The results of our study showed that 2/3 of those screened and found positive for breast mass underwent work-up while about 1/3 did not show up or failed to undergo further work – even though the cost of work-up was to be borne by the project.
And among those whose work-up showed positive breast cancer another 2/3 underwent treatment and 1/3 refused treatment, even though the cost of treatment was, again, to be shouldered by the project.
So what else, aside from the financial barrier, hinder women from seeking diagnosis and treatment?
When we did a survey, we found that knowledge about the benefits of early diagnosis and treatment were well known to both compliers and non-compliers so this could not be possibly a significant factor in their decision to complete work-up and treatment.
We found personal and institution-related reasons for non-compliance: personal reasons - fear that the treatment - surgery, chemotherapy will prevent them form carrying out their responsibilities as mother, caregiver, wife and even their role as bread winner.

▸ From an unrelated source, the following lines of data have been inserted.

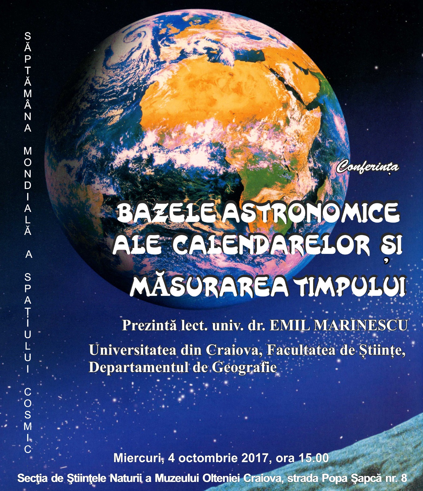 Secţia de Ştiinţele Naturii a Muzeului Olteniei Craiova continuă seria manifestărilor înscrise în cadrul proiectului cultural-educativ „Muzeul – o şcoală altfel”, cu organizarea Conferinței “Bazele astronomice ale calendarelor și măsurarea timpului”, ce va consta în videoproiecții susținute de lector univ. dr. Emil Marinescu de la Departamentul de Geografie din cadrul Facultăţii de Ştiinţe a Universităţii din Craiova.
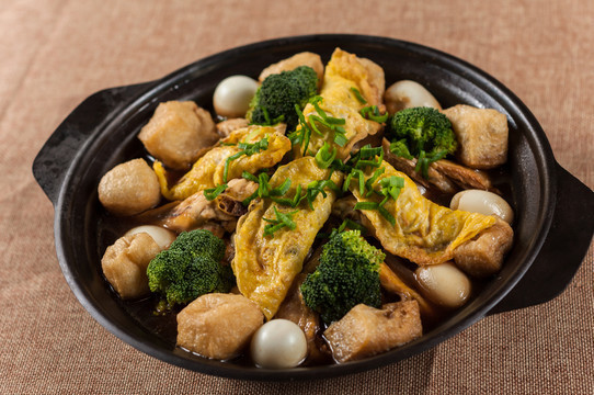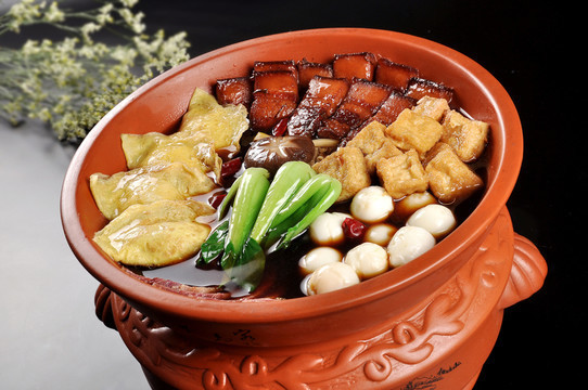 这高汤也非常讲究,是用鸡鸭的脚筋、海参、猪肚、冬菇、鲜虾等各处的美食汇聚一起加上葱姜蒜、黄酒、醋之类的调料煮出来的,光是汤料的准备就得花费一天的时间。将汤汁倒入用猛火将水煮开,再用文火煨,期间要用汤勺将原汤从上往下不停地浇灌,以渗透各层。汤头浇得好的表现就是油而不腻,烂而不化,热而不烫,冷而不却,色香味俱全。
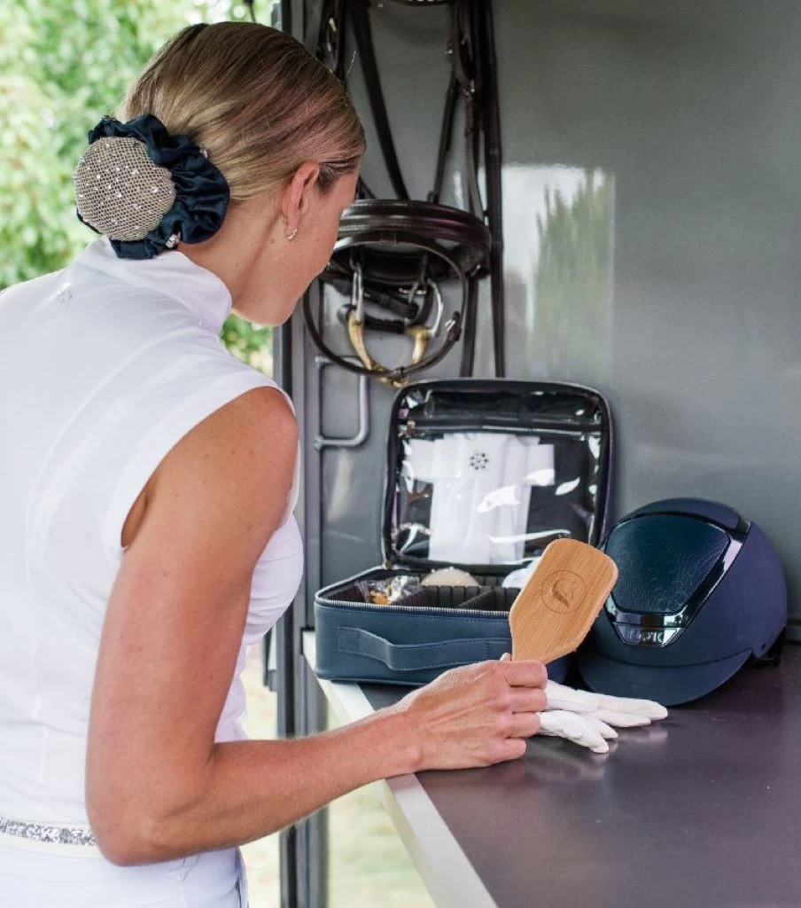 So many years of development has gone into this design, times we have been with you at events and either in midst of a polished look consultation or as a rider in the stables we have witnessed all your hair accessories are just either thrown into your helmet case or in a plastic bag that you found laying around. Stock in another place and of gosh where are my gloves you ask???
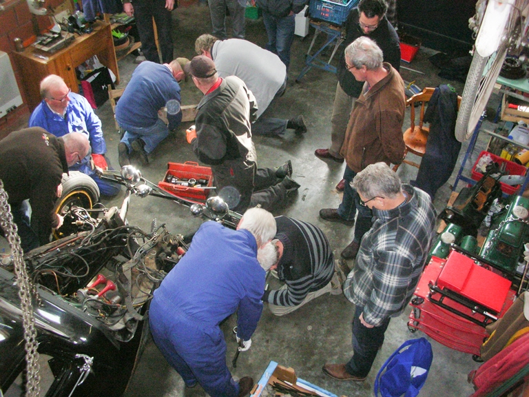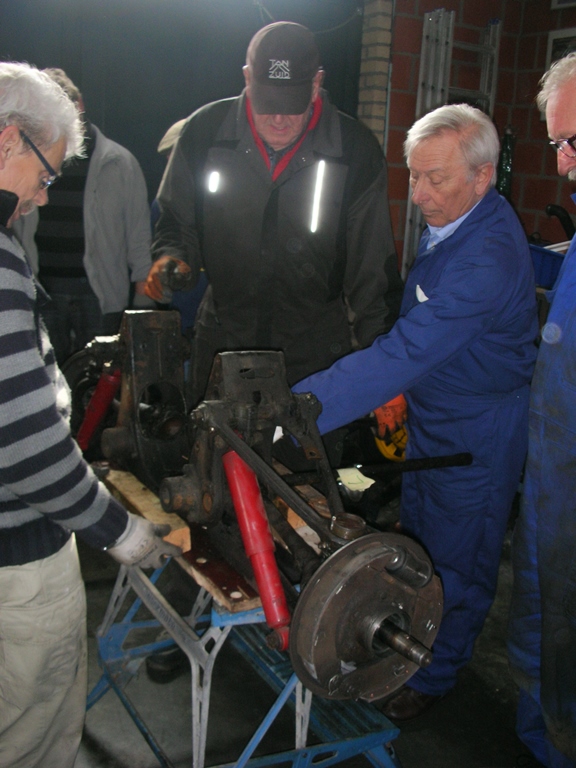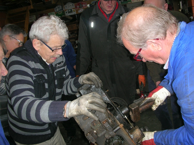 Er werd hard en enthousiast gewerkt, zeker de helft van de aanwezigen hadden de handen goed vuil gemaakt, en er werd soms wel met 6 man tegelijk aan verschillende kanten gewerkt, ondersteund door anderen wat betreft goede raad en het aangeven van gereedschap. De echte experts hadden ook hun eigen specifieke gereedschap mee, vooral de “trekkers” waren zeer zinvol. Soms werd door het enthousiasme ook wat teveel losgemaakt. Voor Paul was het belangrijk om alles wat los kwam goed op tijd te pakken te krijgen om het gesorteerd weg te leggen ter voorkoming van een te grote puzzel achteraf.
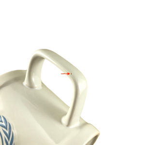 This mug has no chips, cracks, scratches, stains or crazing. There is a small nick on the handle, please see the red arrow pointing to this in the last photo.
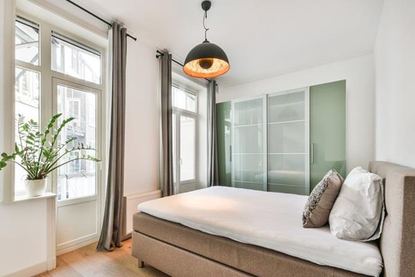De masterbedroom is gelegen aan de achterzijde van de woning en heeft een balkon gelegen op het oosten. De grote kastenwand zorgt voor voldoende opbergruimte.
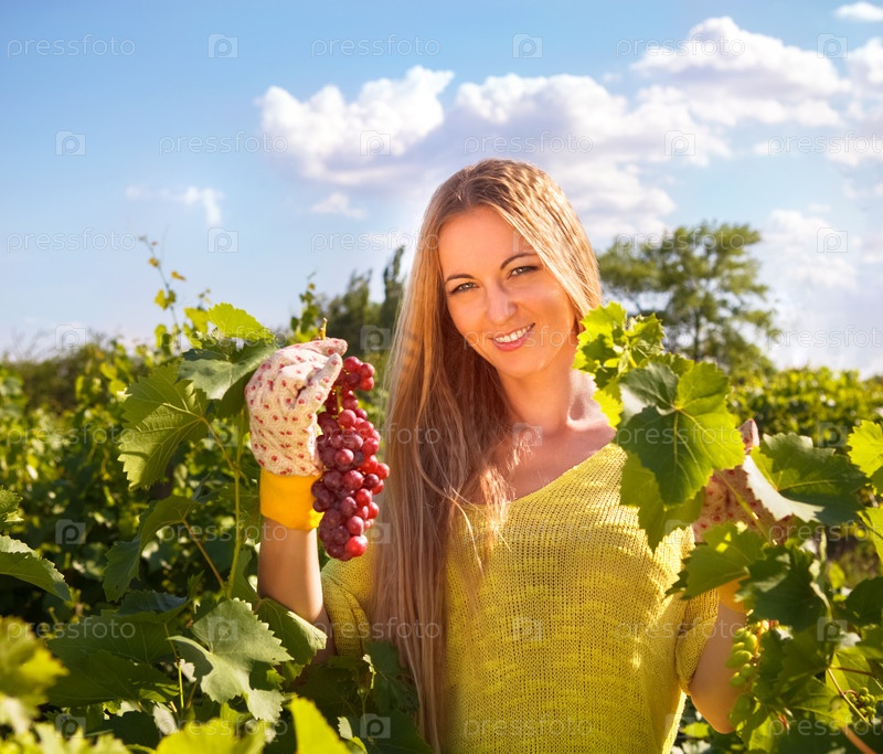 Женщина собирает виноград

Some women apparently just put the welfare of their family over and above their own. And some are just put off by the attitudes of doctors and nurses in government hospitals as well as the perceived poor facilities of government hospitals.
So, our study demonstrated that it is possible to increase the screening rate for breast cancer, even at the barangay level.

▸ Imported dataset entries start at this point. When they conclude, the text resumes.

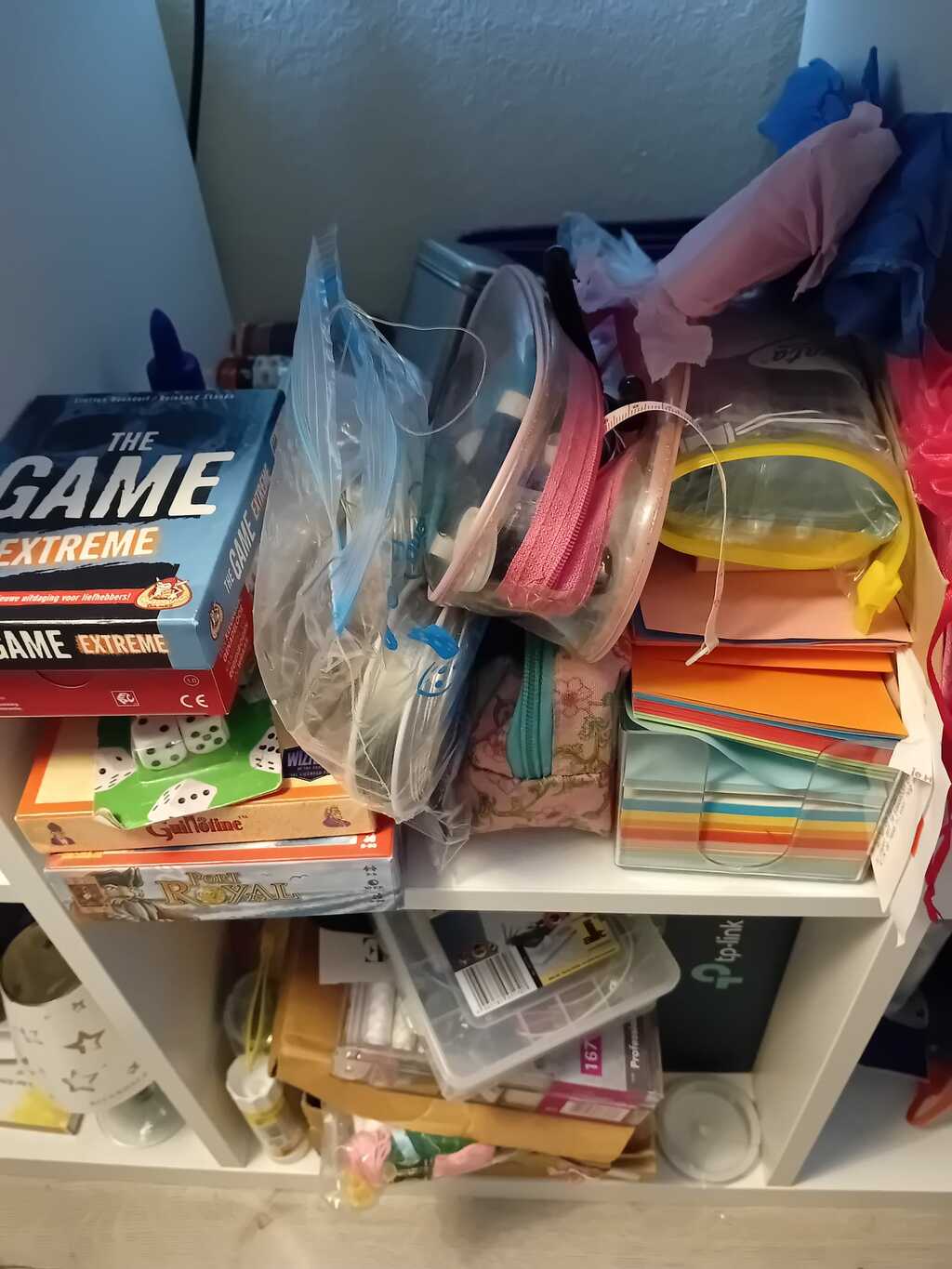 Since I live in a small studio, I am unable to hoard all the supplies I want, but there is still a lot of space occupied with "creativity". These are just supplies for whatever hobby I want to spent time on and allow me to start new things easily.
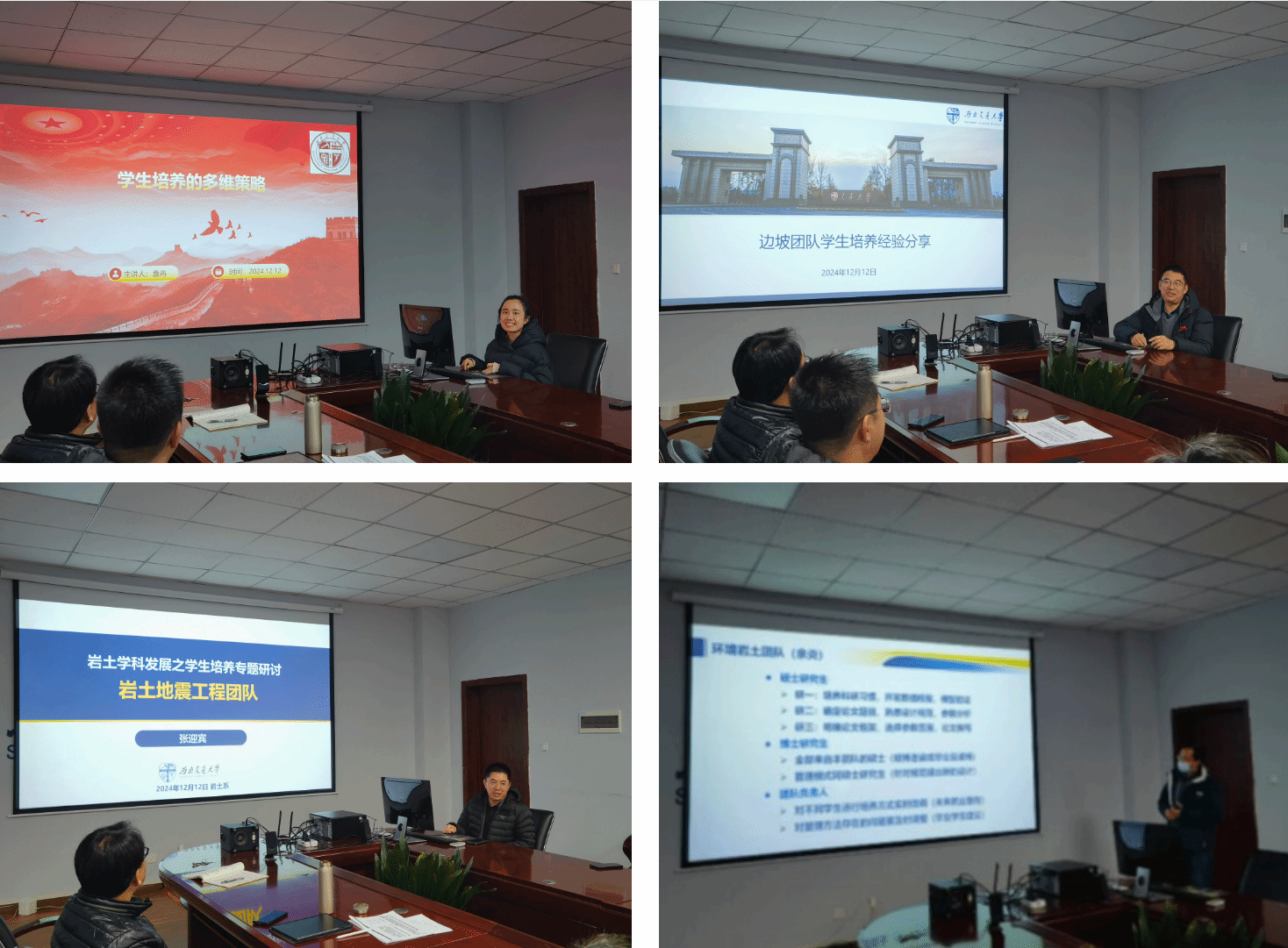 紧接着,活动围绕岩土学科发展之研究生培养开展了专题研讨,首先由杨兵介绍了岩土系研究生的培养情况,然后,各团队负责人袁冉老师、杨涛老师、张迎宾老师和余炎老师交流了各自在科学研究、日常管理等方面的经验,此后,大家在导师联培、学术不端、成果署名以及团队氛围等方面积极开展了热烈的交流。
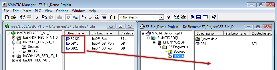 Open the library via File – Open – Libraries, and the required destination project in parallel.
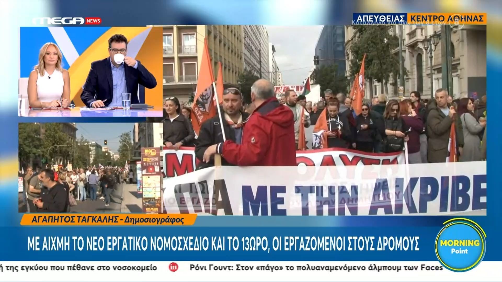 Δεκάδες εργαζόμενοι συγκεντρώθηκαν στους δρόμους, διαμαρτυρόμενοι για το νέο νομοσχέδιο που προτείνει τη θέσπιση 13ωρης εργασίας. Οι συμμετέχοντες φωνάζουν συνθήματα και κρατούν πλακάτ, εκφράζοντας την ανησυχία τους για τις επιπτώσεις της ρύθμισης στην καθημερινότητά τους και την ποιότητα ζωής τους.

We also demonstrated that removing the financial barrier can improve compliance to diagnosis and treatment in the majority.

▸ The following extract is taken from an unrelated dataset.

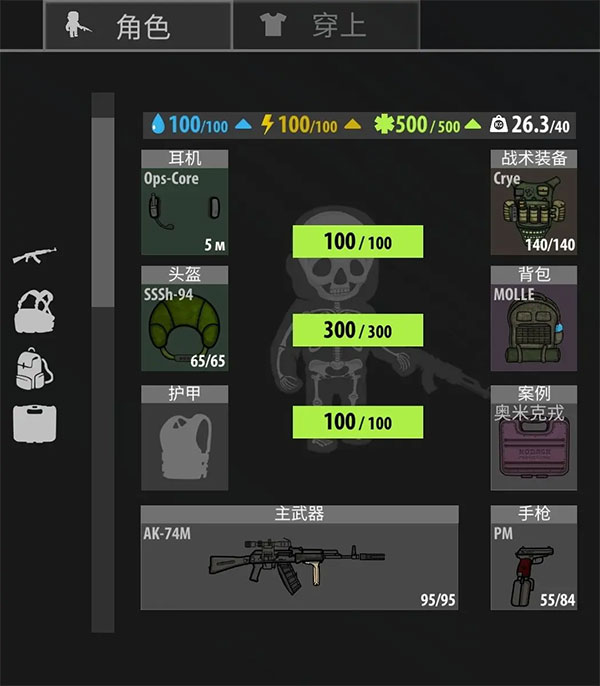 全副武装:(耳机、头盔、战术背心、背包、主副武器、备用弹匣、医疗用品、食物)

But since we cannot expect government to shoulder the cost of work-up and treatment for all women, perhaps a second option is to conduct free breast cancer screening, using cost-effective screening tools once a year, perhaps in the month of March (Women’ Month) , and mandate discounts on anti-cancer drugs for women and laboratory and surgical procedures when done during the month of March.
All year round, though, health centers and government hospitals should conduct information campaigns on the factors that have been proven to reduce the risk for breast cancer, among others.
• breastfeeding among mothers
• Weight reduction or maintaining ideal weight for age
• A diet with lots of fruits and vegetables
Needless to say, national policies and executive actions that improve the general living conditions of women are needed. Thus strategies to reduce poverty which subject and expose Filipinos and women in particular to unhealthy environments, poor diet and unhealthy lifestyles, and prevent them from seeking early diagnosis and treatment due to low purchasing power, should be more vigorously pursued.
Improving the level of education, particularly of women, would enable them to process more scientific information and make rational decisions about their health, and free them from superstition and reliance on unproven and even dangerous measures. Improving the education of women will also help them get out of the poverty cycle.
To date, the Philippines is ranked, in Southeast Asia, as having one of the highest breast cancer rates. If we don’t do something now, next time, we may see our own mothers, sisters and friends being afflicted by the disease.
Time to get off our complacent butts. Better yet, time to kick ass.
(Dr EMMA P Valencia, MD, is a Health Policy analyst, writer, poet and journalist, who shuttles between Manila and California. She once worked with Senator Eduardo J Angara to assist him on important health policy legislations.)